Challenges in working with LLMs

In the coarse-grained test realm, the challenge arises from a lengthy list of paragraphs matching between prior art and application claims. Two primary challenges for AI models include: \emph{i) Throughput} - determining how many paragraphs a model can process at a given time for novelty comparison, dependent on computation capabilities. To address this, we focus on a small set of selected paragraphs to manage computational complexity with free versioned AI tools. \emph{ii) Understanding quality} - assessing AI models' ability to comprehend technical details, complex vocabulary, legal jargon, and context-based text type distinctions. This paper emphasizes qualitative analysis by focusing on small sets of text pairs, prompting LLMs to determine novelty or destructive interactions. This method involves information retrieval at the passage level, seeking relevant paragraphs that can impact the novelty of a given application's independent claim (query). Additionally, model quality is evaluated based on classification capabilities.

Uncommon Examples in Examiner's Citations

1. Novelty Destruction of Prior Art

It is not necessarily true that novelty destruction of prior art must or will be from or belong to the same classification as the claimed invention in an application. There are chances that not even a single classification code matches.
- Example: EP4283490A1 (under G06F code) is novelty destroyed by US2013124202A1 (under G10, 11, and H codes).

2. Complete Prior Art Documents

There are cases where the complete prior art document is provided as novelty-destroying text instead of a few paragraphs.
- Example: EP4300364A1 is novelty destroyed by a non-patent literature (NPL), i.e., the research paper 'Log-Based Anomaly Detection Without Log Parsing.' Citations to the entire patent document in patent literature also exist (e.g., the search report of EP4227851A1).

3. Relevance of Novelty-Destroying Prior Art Paragraphs

Not all the content of the novelty-destroying prior art paragraph is relevant when compared with the independent claim of the application. Examiners usually match a set of prior art paragraphs to the claims of the application. Therefore, an individual one-to-one match of claim and prior art paragraph is not necessarily an effective method in teaching novelty.
- Researchers (PatentMatch and SearchFormer) suggest that hard distinction in finding novelty-destroying paragraphs or differentiating novel (A) or non-novel (X) paragraphs is slightly better than a random guess or tossing a coin, with 52% and 53% accuracy.

Search User Experience on ChatGPT and Gemini

i) Forgetfulness of Tasks Mentioned in Prompt by LLMs Over Time

Obtaining predictions for IPC using GPT and Gemini/BARD:

ChatGPT, after continuous examination of 5-6 samples, outputted 4-5 IDs instead of the expected 3 top IDs. It is observed that in the free version, ChatGPT might forget the prompt.
On the 5th test, Gemini gave a completely irrelevant response and started explaining the claim. Similarly, at the 9th and 11th tests, Gemini provided completely unwanted responses.
In the 10th test, ChatGPT gave 4-5 IDs instead of the top 3, emphasizing the need to remember the prompt.
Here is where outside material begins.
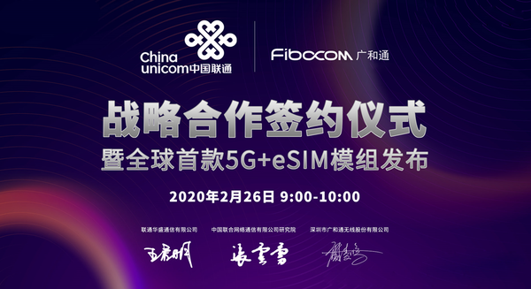 近来,大部分行业企业陆续复工复产,并在防控到位的基础上,将复工复产效率提升至最高,进而为共战疫情提供强力支撑。2月26日,中国联通和广和通线上战略合作签约仪式正式开启,届时发布全球首款5G+eSIM模组FG150和FM150。与此同时,这场具有特殊意义的签约仪式也成为“远程”“线上”发布会的重要表率。

This observation hints that frequently reminding LLMs of the prompt in web-based chat versions can lead to better and more efficient responses to user queries.
An earlier version, named Google BARD and used before Feb 08, 2024, was less efficient in terms of speed and capacity to handle text. Screenshots or evidence show instances where BARD stated 'text is too long to process.' However, Google rebranded BARD to Gemini and released a new version on Feb 08, 2024, which is significantly more efficient than the previous BARD version.

Consistencies in Response with Repeated Examinations:

There are better and changing responses in ChatGPT when the same examinations are repeated with new chat sessions. In contrast, Gemini mostly maintains consistencies with the same response even when the chat sessions change.

ii) Speed

ChatGPT is quicker (average time of no more than 2 seconds per examination) in returning responses compared to Gemini (average 3-5 seconds).

iii) Patent Classification

Hallucination of Google Gemini in terms of predicting patent IPC codes for the application's EP4270403A1 independent claim, such as 'I01J4/02.' There is no such 'I' section; this is an example of pure hallucination.

Task 1: Finding Similar Prior Art Paragraphs

Prompt:

Imagine you are a patent examiner or patent attorney. Your task is to find the closest matching prior art paragraphs to a given claim. The goal is to identify paragraphs that are contextually/semantically similar to the query (i.e. claim). Such that these similar paragraphs may possibly destroy the novelty of the claim.

Each time I will provide you a query/claim and also JSON data which contains different paragraphs present in a list called "sentences". Each paragraph is identified by an 'id' and 'content'. Give me id of the top 3 most similar or most relevant paragraphs (i.e text within 'content') to the given claim/query. I don't want any other information in your response or result except the top 3 ids. Also as a result just give a response in a set of ids. Example such as (id1, id2, id3). In the output, show me only a set of 3 top ids, do not write any supportive sentences along. Do not use quotes in output. Use brackets like (), not like {}.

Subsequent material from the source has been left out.